── Given data

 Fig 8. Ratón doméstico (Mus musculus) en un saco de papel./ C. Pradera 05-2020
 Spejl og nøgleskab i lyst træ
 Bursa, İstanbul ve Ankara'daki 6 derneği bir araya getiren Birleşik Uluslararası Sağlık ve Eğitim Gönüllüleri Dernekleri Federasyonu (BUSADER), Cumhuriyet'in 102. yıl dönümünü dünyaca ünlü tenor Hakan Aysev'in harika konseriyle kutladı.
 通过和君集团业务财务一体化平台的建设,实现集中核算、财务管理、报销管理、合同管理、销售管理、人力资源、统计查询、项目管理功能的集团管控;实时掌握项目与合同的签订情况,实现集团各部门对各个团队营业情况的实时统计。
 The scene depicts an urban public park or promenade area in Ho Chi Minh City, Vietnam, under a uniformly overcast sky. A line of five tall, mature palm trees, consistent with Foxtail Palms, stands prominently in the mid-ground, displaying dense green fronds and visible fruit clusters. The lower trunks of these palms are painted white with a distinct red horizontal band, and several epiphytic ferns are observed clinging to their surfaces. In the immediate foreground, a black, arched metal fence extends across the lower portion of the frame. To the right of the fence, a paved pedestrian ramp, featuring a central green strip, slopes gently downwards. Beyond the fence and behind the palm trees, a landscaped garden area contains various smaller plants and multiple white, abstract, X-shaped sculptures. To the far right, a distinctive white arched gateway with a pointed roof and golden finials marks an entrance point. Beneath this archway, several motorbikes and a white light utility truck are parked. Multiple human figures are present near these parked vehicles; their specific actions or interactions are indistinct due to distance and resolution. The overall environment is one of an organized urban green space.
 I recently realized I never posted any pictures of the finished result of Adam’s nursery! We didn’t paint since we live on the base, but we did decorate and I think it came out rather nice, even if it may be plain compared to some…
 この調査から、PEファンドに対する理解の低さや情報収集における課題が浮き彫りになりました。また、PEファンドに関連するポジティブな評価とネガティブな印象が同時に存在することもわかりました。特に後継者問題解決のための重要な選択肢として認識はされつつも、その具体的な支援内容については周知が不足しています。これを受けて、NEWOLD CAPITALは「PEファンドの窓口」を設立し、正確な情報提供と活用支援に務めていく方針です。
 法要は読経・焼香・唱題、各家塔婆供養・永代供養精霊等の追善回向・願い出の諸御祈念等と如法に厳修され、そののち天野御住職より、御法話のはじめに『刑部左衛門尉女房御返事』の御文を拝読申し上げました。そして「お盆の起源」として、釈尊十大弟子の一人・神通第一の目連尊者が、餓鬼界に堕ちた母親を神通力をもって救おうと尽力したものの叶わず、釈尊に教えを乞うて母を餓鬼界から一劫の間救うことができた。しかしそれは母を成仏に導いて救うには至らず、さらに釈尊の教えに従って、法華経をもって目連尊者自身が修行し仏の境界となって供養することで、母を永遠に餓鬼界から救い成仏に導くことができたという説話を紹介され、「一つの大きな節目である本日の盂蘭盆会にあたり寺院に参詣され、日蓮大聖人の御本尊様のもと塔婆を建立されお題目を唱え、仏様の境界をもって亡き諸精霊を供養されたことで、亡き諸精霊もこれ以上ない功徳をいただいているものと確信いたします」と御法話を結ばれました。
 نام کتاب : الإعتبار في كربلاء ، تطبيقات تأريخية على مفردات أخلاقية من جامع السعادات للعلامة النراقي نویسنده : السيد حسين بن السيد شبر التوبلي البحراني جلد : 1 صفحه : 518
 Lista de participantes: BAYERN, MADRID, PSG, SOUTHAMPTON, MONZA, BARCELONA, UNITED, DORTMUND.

────

Task goal:
The required result is an exact repetition of the lines from the one containing "法要は読経・焼香・唱題、各家" through the last line of the data.

Result for this task:
 法要は読経・焼香・唱題、各家塔婆供養・永代供養精霊等の追善回向・願い出の諸御祈念等と如法に厳修され、そののち天野御住職より、御法話のはじめに『刑部左衛門尉女房御返事』の御文を拝読申し上げました。そして「お盆の起源」として、釈尊十大弟子の一人・神通第一の目連尊者が、餓鬼界に堕ちた母親を神通力をもって救おうと尽力したものの叶わず、釈尊に教えを乞うて母を餓鬼界から一劫の間救うことができた。しかしそれは母を成仏に導いて救うには至らず、さらに釈尊の教えに従って、法華経をもって目連尊者自身が修行し仏の境界となって供養することで、母を永遠に餓鬼界から救い成仏に導くことができたという説話を紹介され、「一つの大きな節目である本日の盂蘭盆会にあたり寺院に参詣され、日蓮大聖人の御本尊様のもと塔婆を建立されお題目を唱え、仏様の境界をもって亡き諸精霊を供養されたことで、亡き諸精霊もこれ以上ない功徳をいただいているものと確信いたします」と御法話を結ばれました。
 نام کتاب : الإعتبار في كربلاء ، تطبيقات تأريخية على مفردات أخلاقية من جامع السعادات للعلامة النراقي نویسنده : السيد حسين بن السيد شبر التوبلي البحراني جلد : 1 صفحه : 518
 Lista de participantes: BAYERN, MADRID, PSG, SOUTHAMPTON, MONZA, BARCELONA, UNITED, DORTMUND.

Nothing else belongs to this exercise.